Smedley the uncertain
@efgoldman: Things have changed. Sponsored tours are routine. Finding quarters is another issue…
Ceci n est pas mon nym
@p.a.: My house growing up was built in 1960 and those slots were part of the medicine cabinets. And those razors were still the standard non-electric razor I remember well into the 1970s. I remember buying packs of those single-edge blades all the time, but I can’t remember why. I think because they were so common there were various utility knives built to take them.
The packaging the blades came in had the same little slot in the back of the box for disposal of used blades.
Gin & Tonic
@Another Scott:
Bingo!
Smedley the uncertain
@Gravenstone: Some 30 years ago as I was being read in as a senior civilian at a Major Army command, I made the grand tour of our sub-commands. While being briefed a Yongsan, it was pointed out that the command chair I was sitting in was a primary target of 100’s of tubes of NKDPR artillery. Our troops and the Koreans have lived with this for over half a century. And, to a later comment, accompanied tours have long been routine.
Omnes Omnibus
@Gin & Tonic: Hell, expatriate Ukrainians fighting Russians was a central thread in Frederick Forsyth’s early ’80s novel “The Devil’s Alternative.”
Gin & Tonic
@Omnes Omnibus: Don’t recall having read that one.
Omnes Omnibus
@Gin & Tonic: It’s not bad. With what I am guessing about your background, you may find it interesting.
Nelle
@Doug R: Same here – my dad was about 11 or 12 at the time.
Smedley the uncertain
@Thru the Looking Glass…: Tito’s Handmade Vodka, Austin Texas, USA USA USA
Origuy
@chris:
I have one that I bought outside Red Square, but it has a Tsarist eagle badge. The name for that type of hat is ushanka. The really expensive ones are real fur, but mine is fake fur, what the Russians call “fish fur”. Since my traveling companion is vegan, real fur was out of the question.
Gin & Tonic
@Origuy:
Protip: those hats aren’t for eating.
Omnes Omnibus
@Gin & Tonic: And love ain’t for keeping.
Origuy
@Gin & Tonic: Ever met a vegan who didn’t freak out about fur?
Adam L Silverman
@Origuy: I just want it noted in the official record that I could make a double entendre comment in regard to:
But I am not going to.
Omnes Omnibus
@Origuy: I know some, male and female, who don’t shave. Does that help?
efgoldman
@Ceci n est pas mon nym:
In the long ago lost to history days of analog recordings, they were used to cut tape for splicing out misteakss.

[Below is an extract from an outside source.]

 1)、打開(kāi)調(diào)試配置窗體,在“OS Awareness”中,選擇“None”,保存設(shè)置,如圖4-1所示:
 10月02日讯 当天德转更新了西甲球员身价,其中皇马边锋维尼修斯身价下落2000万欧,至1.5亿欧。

They’re still good for some kinds of paint scrapers.
efgoldman
@Origuy:
I still have my dad’s US Army version from Korea. Damn, it’s warm! I wore it to football games in snowstorms.

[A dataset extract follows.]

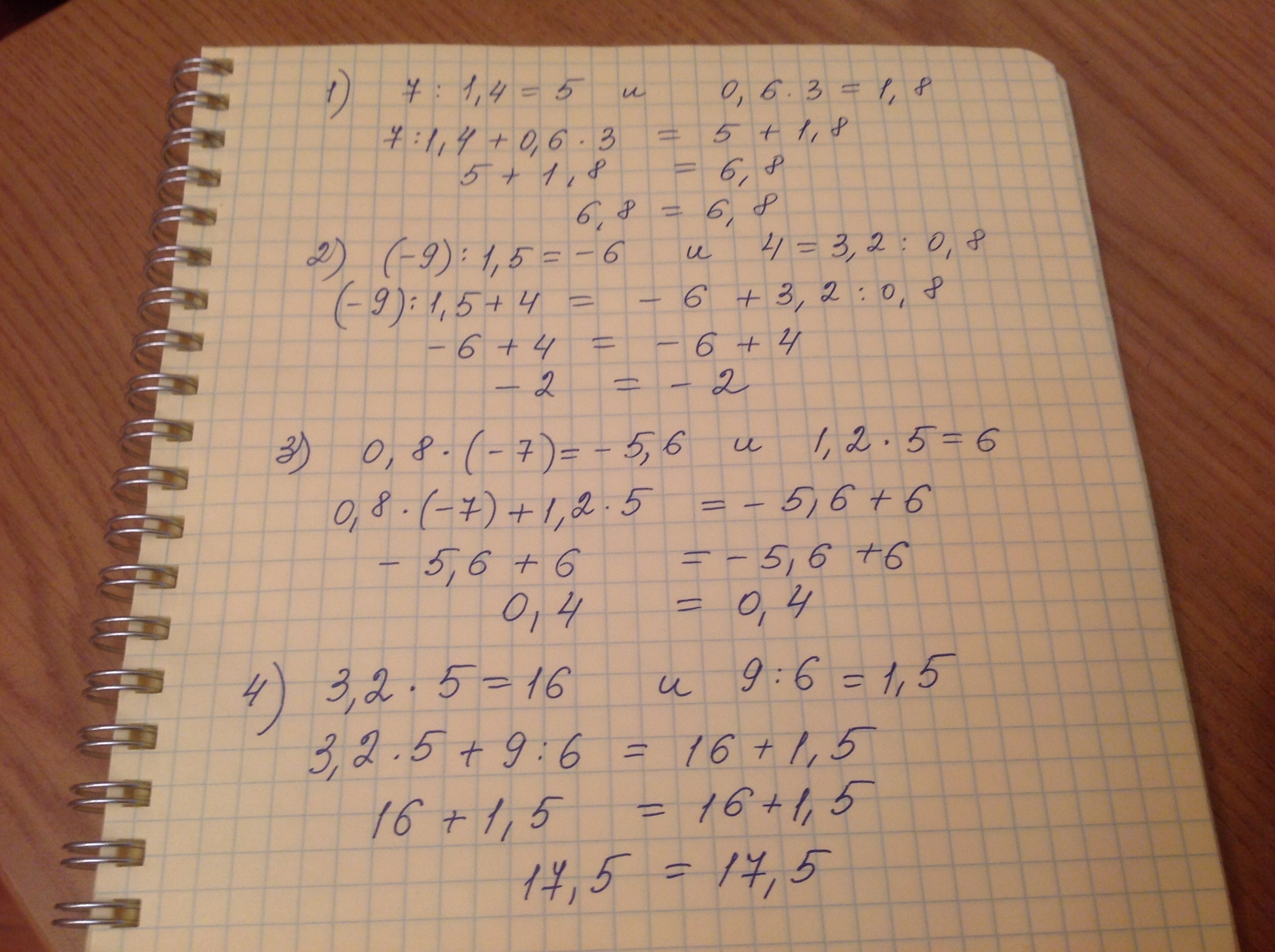 по математике номер 843 выполните почленное сложение верных числовых равенств 1) 7:1,4=5 и 0,6*3=1,8 2) (-9):1,5= -6 и 4= 3,2:0,8 3) 0,8*(-7) = -5,6 и 1,2*5=6 4) 3,2*5=16 и 9:6=1,5

(No badge. I think the rank badge was pinned to the front.)
M. Bouffant
@efgoldman: Ah yes, the grease pencil & the editing block.
Scourge7Cs
@XTPD: De-lurking for first time since Cole had one dog to say I miss the halcyon days of the peachy-pink New York Observer like I miss H&H Bagels. A good thing gone forever. You are a person of taste, indeed.